Platform van Link magazine en TUE: van Configure to order naar servitization
Afgelopen jaar organiseerden TU Eindhoven (TU/e) en Link Magazine bijeenkomsten rond het thema servitization. Half december was Lely gastheer voor de derde editie. De fabrikant van robotica voor de melkveehouderij verzamelt voor benchmarking en analyse erg veel data over de robots én de koeien. De machines hangen nog niet direct aan het internet.
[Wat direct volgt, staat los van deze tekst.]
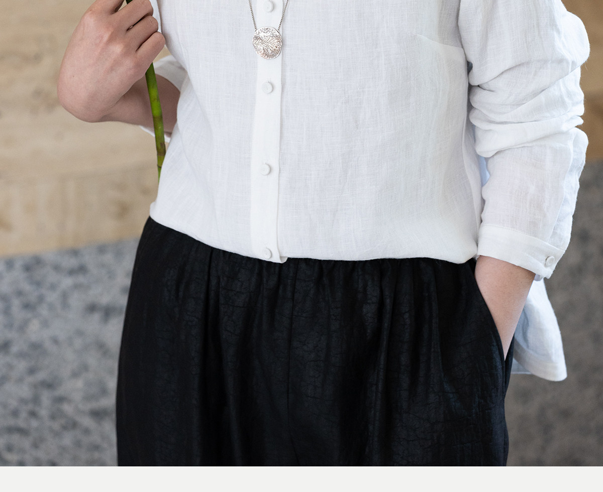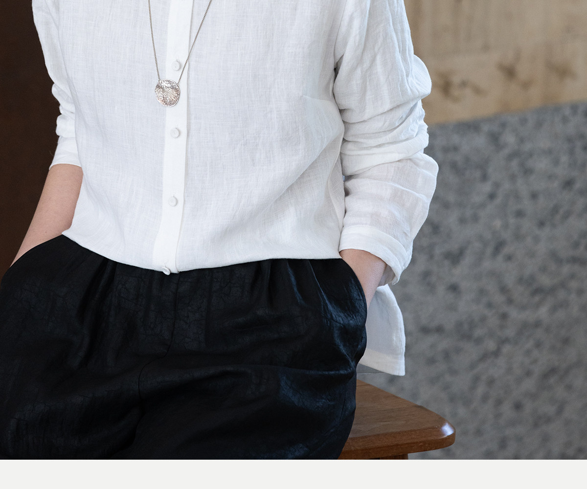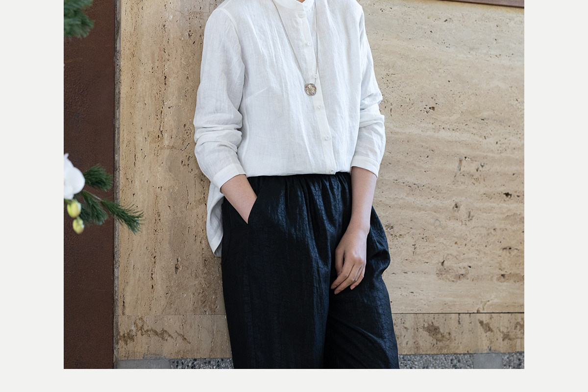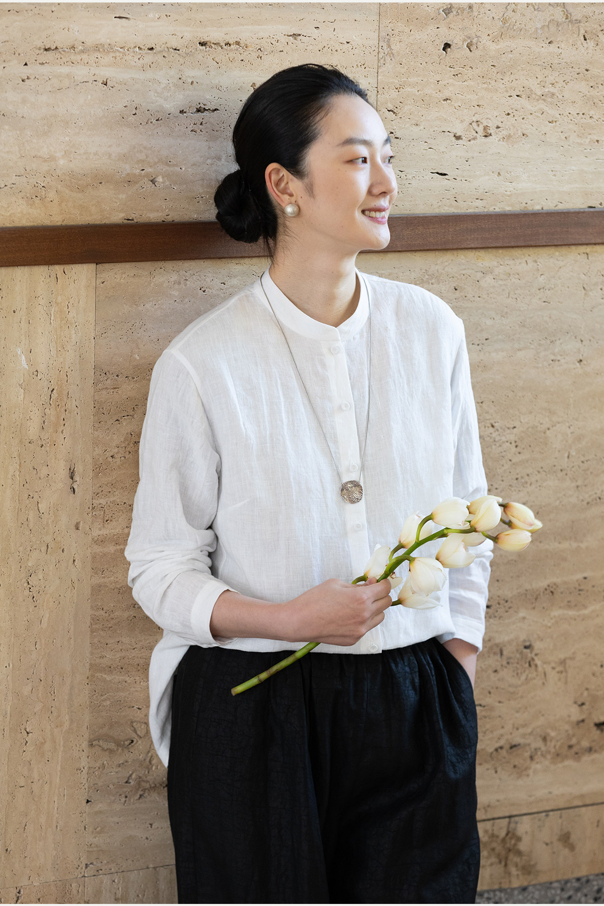 牧衣游原创 汉麻净色衬衫女新款轻薄柔软白色简约文艺衬衣 春宴
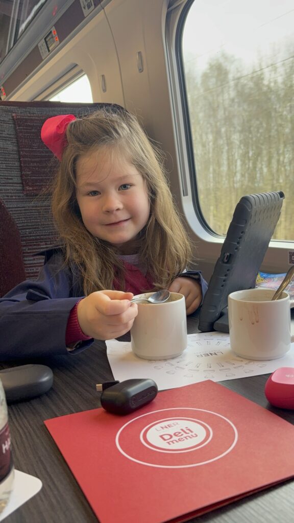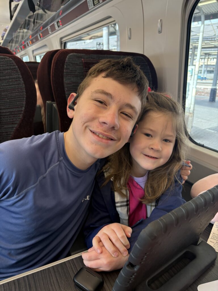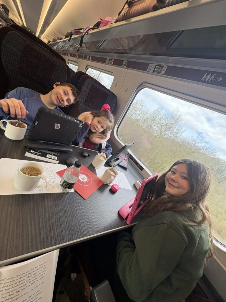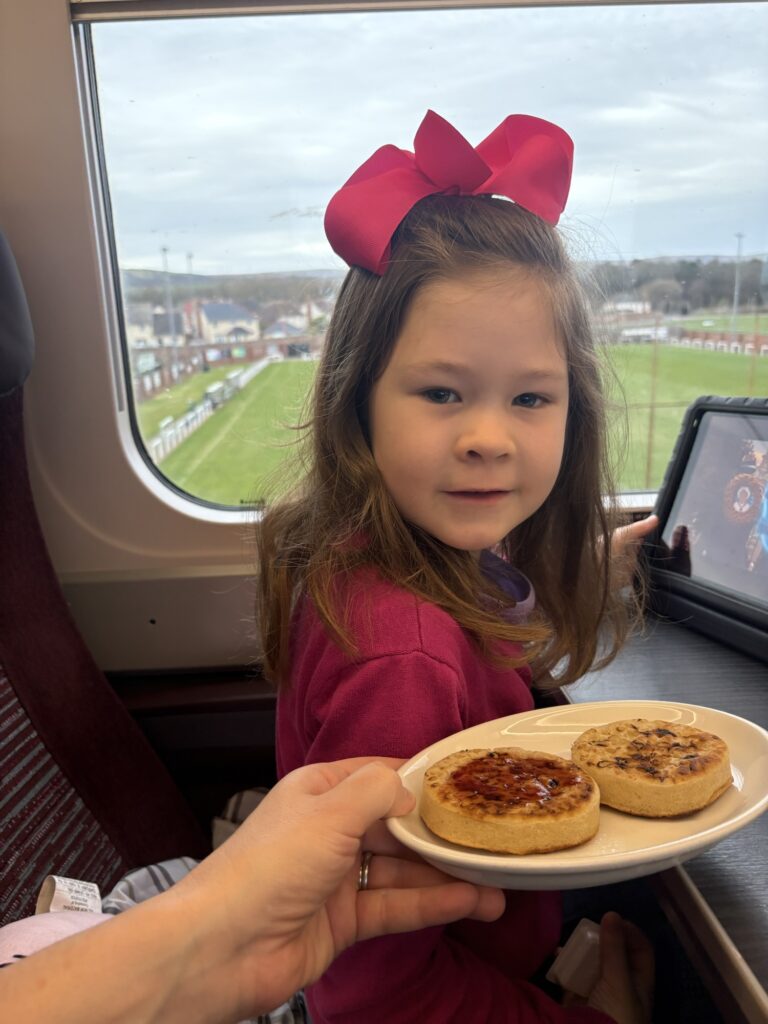 Our train arrived and we were ready to go! We traveled First Class on the LNER and, to us, it was worth it! I’m telling you, this train ride to and from Scotland was a HUGE highlight for me and the kids!

Om z’n dienstverlening aan boeren naar een hoger niveau te tillen, wil Lely de stap naar 24/7 online zetten. Hoger reiken wil ook TU/e-hoogleraar Ed Nijssen in zijn onderzoek aan het fenomeen servitization – samen met bedrijven.
– ‘We lopen tegen veiligheidsissues aan. Wat is wereldwijd de ideale verbinding?’
– ‘Het heeft echt meerwaarde voor de klant als je kunt meekijken.’
– ‘De it-afdeling van de klant wil geen ‘data push’ en schermt af.’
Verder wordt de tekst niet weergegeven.